* YOUR INSTRUCTIONS: Write out exactly, please, every line from the beginning of the entries to the line holding "This Vocabulary: Matching", and no pictures.

* Stored dataset items:

━━━━

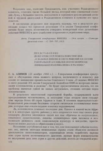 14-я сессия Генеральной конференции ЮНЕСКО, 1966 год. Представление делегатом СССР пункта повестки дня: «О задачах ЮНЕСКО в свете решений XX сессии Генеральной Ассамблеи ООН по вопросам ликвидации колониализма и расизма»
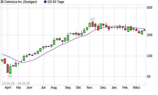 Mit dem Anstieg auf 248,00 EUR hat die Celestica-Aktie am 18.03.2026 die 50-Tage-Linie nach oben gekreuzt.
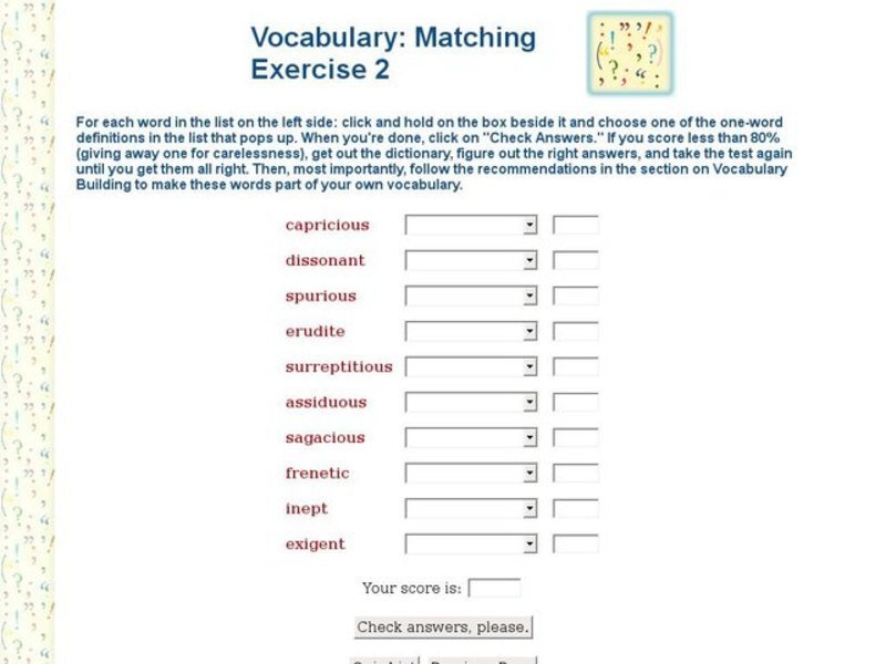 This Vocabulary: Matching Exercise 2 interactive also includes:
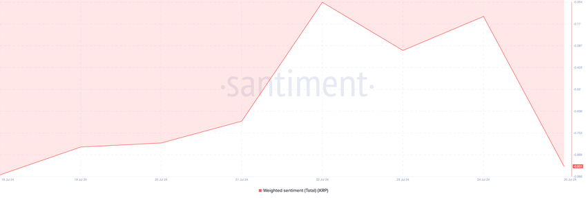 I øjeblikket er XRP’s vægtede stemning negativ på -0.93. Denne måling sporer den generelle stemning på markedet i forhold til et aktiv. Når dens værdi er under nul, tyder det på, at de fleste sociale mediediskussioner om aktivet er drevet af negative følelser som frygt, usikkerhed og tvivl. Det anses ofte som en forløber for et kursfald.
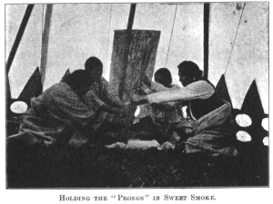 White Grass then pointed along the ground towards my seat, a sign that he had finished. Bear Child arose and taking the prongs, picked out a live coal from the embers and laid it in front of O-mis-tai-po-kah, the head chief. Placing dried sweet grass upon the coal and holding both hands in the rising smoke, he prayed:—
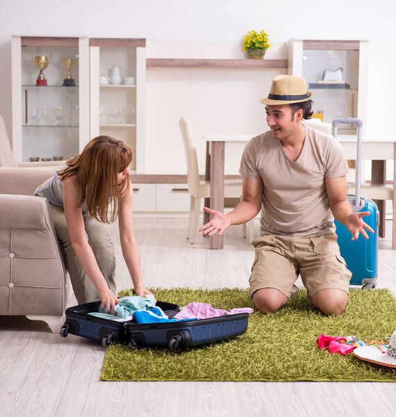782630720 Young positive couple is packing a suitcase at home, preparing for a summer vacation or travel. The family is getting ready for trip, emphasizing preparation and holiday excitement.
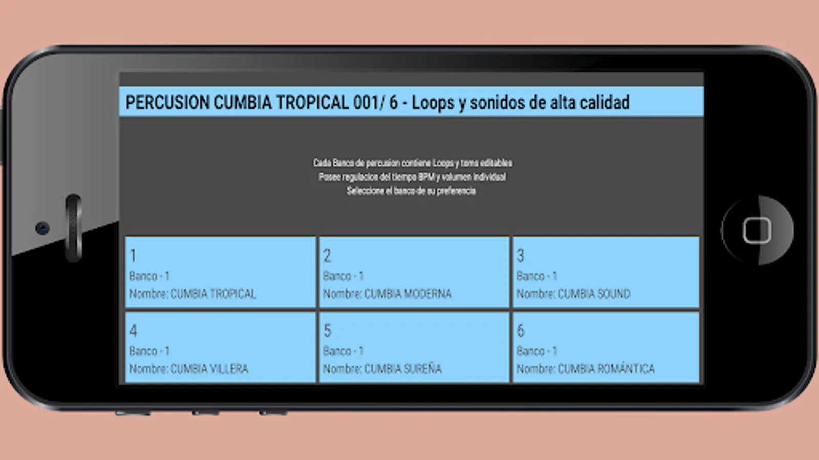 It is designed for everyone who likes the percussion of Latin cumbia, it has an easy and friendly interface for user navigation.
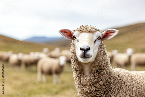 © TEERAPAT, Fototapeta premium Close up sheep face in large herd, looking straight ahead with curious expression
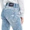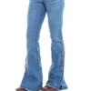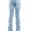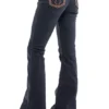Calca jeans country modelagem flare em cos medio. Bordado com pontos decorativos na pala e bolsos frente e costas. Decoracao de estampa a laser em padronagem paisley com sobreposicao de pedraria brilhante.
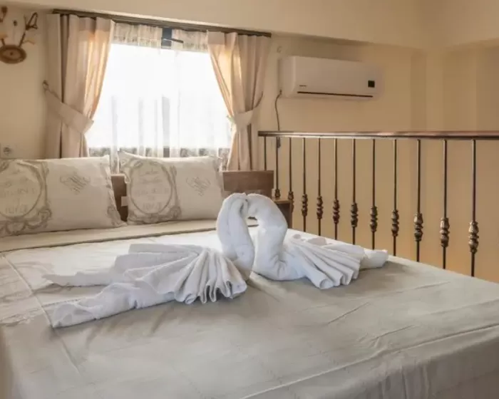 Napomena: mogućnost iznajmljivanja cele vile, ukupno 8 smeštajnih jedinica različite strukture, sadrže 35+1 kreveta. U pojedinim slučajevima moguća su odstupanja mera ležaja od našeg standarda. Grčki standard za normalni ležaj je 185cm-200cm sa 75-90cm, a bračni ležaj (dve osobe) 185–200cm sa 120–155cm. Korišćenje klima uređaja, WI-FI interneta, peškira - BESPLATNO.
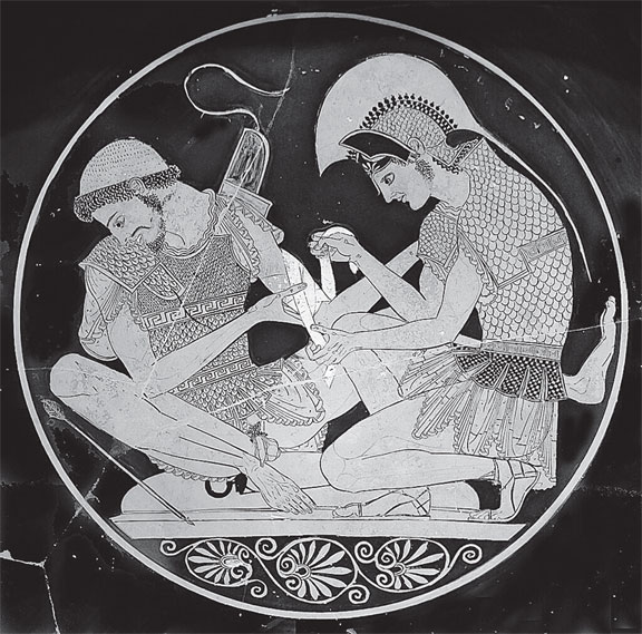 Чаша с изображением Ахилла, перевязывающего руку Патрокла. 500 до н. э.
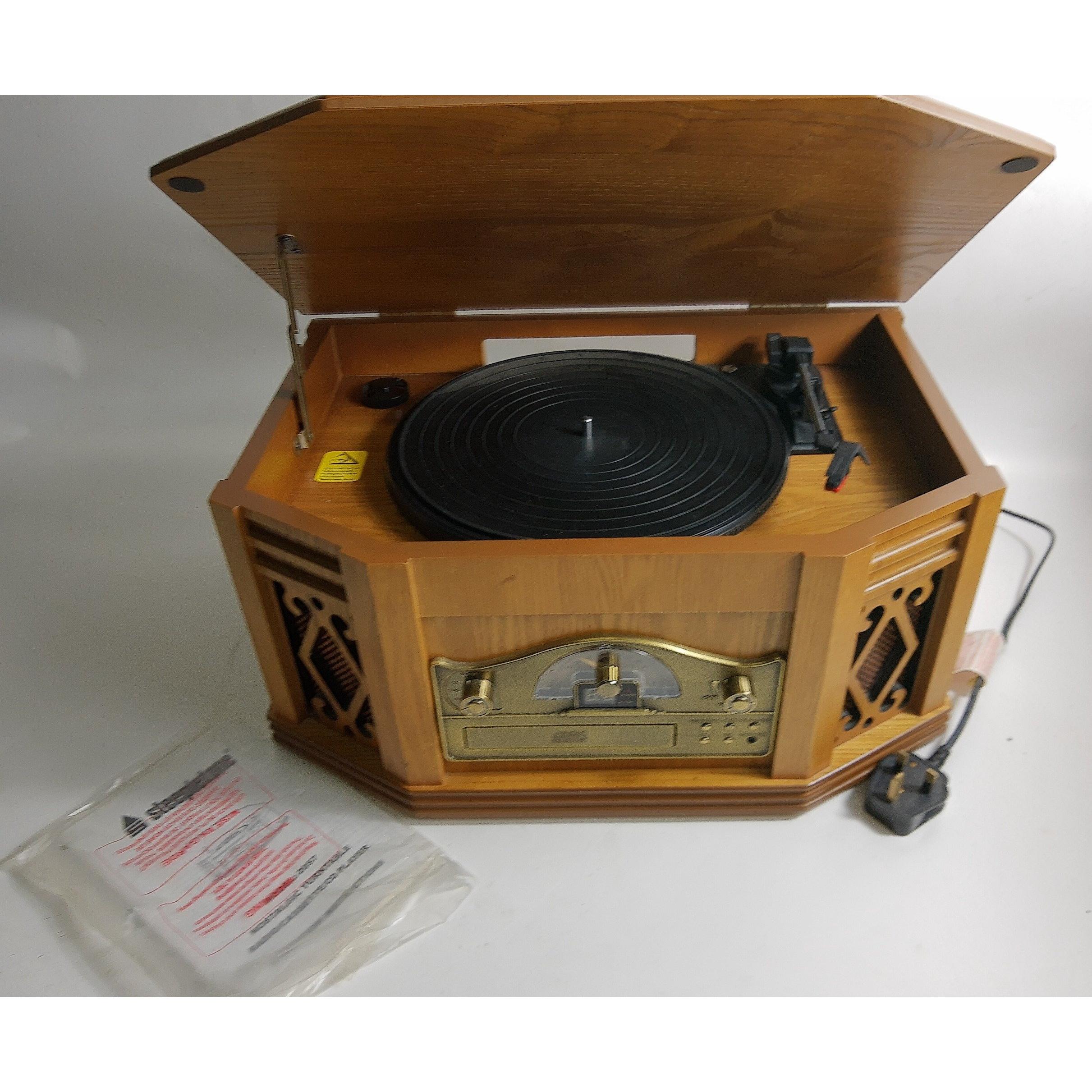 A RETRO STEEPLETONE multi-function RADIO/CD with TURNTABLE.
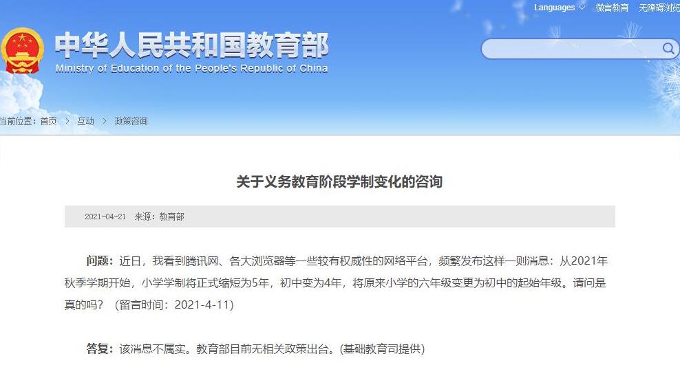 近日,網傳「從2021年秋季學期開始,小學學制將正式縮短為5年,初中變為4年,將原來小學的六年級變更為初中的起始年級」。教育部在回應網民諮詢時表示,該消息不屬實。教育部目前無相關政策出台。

━━━━

* THE COMPLETED TASK:
 14-я сессия Генеральной конференции ЮНЕСКО, 1966 год. Представление делегатом СССР пункта повестки дня: «О задачах ЮНЕСКО в свете решений XX сессии Генеральной Ассамблеи ООН по вопросам ликвидации колониализма и расизма»
 Mit dem Anstieg auf 248,00 EUR hat die Celestica-Aktie am 18.03.2026 die 50-Tage-Linie nach oben gekreuzt.
 This Vocabulary: Matching Exercise 2 interactive also includes:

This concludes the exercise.